*WHAT IS EXPECTED*:
One number is the whole answer: how many lines of the records include "that".

——————

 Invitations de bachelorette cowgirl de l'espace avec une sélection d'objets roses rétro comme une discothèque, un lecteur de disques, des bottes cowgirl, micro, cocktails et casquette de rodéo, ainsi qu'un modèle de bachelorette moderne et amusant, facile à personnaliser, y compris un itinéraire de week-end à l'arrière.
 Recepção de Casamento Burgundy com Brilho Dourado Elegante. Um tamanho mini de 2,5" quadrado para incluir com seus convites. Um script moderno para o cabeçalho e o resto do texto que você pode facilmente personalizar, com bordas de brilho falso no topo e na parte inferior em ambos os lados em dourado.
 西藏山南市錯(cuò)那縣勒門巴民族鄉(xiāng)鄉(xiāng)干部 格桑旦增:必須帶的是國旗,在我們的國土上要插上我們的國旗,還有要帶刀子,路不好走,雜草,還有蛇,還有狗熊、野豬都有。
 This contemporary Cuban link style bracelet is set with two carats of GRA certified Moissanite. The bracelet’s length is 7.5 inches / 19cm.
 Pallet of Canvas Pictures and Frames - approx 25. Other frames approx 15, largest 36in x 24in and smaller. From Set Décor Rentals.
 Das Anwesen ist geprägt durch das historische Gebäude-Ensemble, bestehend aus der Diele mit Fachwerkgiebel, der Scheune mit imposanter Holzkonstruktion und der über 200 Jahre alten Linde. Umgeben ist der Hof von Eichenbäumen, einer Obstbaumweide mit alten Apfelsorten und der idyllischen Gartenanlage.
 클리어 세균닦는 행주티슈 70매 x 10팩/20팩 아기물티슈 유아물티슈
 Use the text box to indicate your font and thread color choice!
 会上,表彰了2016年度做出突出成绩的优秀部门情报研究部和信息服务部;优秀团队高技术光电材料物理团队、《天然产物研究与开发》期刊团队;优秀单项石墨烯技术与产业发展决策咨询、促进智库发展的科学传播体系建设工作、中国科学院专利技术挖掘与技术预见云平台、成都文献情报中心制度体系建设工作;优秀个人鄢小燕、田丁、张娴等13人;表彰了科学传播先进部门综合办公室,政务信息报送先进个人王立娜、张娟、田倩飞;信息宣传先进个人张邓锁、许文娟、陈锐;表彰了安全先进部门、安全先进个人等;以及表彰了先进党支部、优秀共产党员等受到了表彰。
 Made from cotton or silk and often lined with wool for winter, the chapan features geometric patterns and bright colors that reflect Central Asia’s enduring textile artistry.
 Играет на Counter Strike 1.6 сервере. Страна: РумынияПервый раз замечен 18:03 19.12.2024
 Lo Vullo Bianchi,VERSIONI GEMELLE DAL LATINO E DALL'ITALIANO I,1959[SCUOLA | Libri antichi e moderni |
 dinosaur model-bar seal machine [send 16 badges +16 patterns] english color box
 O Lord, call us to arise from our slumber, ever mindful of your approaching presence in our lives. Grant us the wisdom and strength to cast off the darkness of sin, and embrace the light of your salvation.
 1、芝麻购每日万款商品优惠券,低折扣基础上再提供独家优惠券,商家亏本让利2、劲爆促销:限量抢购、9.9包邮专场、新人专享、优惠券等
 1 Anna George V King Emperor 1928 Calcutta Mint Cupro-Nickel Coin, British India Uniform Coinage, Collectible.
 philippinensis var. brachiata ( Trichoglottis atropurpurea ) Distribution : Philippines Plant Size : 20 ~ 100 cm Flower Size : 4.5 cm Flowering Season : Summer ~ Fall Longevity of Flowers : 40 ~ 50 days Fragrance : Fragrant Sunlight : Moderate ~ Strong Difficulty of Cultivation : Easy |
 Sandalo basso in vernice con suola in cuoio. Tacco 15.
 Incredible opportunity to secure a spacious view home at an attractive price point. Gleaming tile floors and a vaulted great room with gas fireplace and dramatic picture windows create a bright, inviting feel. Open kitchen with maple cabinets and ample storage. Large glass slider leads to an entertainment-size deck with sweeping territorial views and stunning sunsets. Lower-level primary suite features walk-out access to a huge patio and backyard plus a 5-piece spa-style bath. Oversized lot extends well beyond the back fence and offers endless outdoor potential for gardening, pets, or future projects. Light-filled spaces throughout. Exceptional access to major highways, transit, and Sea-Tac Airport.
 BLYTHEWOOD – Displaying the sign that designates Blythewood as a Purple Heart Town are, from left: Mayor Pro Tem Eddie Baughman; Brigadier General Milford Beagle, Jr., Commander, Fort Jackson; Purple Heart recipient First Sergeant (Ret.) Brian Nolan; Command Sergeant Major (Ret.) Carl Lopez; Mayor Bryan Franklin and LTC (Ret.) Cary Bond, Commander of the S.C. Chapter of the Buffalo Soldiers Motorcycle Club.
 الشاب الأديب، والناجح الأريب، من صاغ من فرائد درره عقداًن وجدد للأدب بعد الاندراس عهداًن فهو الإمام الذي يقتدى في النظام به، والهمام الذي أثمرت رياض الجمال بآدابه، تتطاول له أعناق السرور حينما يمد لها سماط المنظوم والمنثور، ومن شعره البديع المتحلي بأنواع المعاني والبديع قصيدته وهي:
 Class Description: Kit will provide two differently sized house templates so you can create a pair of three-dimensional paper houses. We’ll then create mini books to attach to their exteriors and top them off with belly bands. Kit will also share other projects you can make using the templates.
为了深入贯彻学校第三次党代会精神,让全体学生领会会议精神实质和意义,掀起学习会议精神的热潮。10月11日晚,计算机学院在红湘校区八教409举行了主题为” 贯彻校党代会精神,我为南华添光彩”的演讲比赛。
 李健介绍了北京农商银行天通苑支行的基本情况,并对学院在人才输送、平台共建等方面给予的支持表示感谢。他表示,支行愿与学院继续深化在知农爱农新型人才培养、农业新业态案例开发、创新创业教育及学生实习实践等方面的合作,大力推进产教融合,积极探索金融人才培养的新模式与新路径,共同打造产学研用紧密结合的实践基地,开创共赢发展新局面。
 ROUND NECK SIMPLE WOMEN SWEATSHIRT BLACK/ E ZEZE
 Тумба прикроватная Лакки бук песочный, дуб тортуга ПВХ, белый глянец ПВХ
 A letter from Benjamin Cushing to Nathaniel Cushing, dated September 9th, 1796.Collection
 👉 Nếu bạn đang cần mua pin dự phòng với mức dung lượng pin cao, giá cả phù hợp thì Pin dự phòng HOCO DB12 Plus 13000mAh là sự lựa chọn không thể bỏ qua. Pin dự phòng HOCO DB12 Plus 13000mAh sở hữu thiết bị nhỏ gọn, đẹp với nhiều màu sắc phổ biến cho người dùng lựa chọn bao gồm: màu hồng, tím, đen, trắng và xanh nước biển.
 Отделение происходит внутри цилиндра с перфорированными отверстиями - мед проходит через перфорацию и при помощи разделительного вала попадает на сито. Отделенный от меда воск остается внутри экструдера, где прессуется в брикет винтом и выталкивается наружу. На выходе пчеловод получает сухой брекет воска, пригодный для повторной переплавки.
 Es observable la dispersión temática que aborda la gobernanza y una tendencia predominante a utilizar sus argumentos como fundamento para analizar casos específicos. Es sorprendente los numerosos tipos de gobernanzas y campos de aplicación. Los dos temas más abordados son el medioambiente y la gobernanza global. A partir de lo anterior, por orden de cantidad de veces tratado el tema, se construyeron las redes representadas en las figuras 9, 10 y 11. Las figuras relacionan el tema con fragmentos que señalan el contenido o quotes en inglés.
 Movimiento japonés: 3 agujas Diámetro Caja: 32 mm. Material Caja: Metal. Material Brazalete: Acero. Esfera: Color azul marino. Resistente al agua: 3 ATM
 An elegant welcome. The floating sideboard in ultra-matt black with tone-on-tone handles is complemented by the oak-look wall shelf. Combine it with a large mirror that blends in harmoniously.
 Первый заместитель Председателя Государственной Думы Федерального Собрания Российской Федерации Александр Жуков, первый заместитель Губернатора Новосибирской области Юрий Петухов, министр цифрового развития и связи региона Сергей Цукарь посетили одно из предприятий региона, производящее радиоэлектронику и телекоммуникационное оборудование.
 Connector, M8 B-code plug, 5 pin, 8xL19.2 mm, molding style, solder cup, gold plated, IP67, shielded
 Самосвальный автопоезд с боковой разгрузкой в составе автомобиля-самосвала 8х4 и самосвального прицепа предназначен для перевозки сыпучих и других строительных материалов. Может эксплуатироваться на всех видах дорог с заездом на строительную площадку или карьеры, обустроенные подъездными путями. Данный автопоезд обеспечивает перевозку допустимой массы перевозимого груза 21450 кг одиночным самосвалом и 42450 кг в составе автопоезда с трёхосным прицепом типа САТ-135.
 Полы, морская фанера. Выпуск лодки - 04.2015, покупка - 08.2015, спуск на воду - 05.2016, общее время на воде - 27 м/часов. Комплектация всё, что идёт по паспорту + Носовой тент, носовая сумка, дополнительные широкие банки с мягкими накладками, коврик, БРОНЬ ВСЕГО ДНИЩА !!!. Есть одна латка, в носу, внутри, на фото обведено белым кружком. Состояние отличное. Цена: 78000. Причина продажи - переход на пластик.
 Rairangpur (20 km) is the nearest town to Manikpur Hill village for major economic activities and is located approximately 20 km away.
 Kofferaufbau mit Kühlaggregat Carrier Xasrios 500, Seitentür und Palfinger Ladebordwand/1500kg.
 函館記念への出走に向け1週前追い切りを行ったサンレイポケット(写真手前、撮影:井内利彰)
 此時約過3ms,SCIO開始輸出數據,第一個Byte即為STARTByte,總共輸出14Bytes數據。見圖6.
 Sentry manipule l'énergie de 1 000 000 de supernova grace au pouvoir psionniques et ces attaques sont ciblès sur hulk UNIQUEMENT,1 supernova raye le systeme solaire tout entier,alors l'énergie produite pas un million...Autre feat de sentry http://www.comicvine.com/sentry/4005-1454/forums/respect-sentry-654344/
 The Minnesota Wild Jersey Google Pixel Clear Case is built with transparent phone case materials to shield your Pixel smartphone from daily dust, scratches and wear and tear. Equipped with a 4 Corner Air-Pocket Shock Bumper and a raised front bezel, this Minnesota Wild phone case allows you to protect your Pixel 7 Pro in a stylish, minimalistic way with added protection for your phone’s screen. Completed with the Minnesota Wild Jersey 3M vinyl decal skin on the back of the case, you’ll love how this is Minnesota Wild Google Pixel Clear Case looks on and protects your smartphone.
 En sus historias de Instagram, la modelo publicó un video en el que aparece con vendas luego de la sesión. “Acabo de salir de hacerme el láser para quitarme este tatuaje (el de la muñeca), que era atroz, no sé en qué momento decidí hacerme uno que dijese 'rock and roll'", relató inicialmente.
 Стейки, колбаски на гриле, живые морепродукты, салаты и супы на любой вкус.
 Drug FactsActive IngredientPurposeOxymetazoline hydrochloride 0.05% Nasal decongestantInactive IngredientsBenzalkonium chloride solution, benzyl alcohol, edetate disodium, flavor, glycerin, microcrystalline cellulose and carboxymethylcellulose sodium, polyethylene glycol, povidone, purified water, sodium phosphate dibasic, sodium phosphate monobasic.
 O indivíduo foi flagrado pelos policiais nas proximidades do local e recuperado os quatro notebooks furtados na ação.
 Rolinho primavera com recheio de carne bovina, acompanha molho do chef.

——————

*RESPONSE BELOW*:
3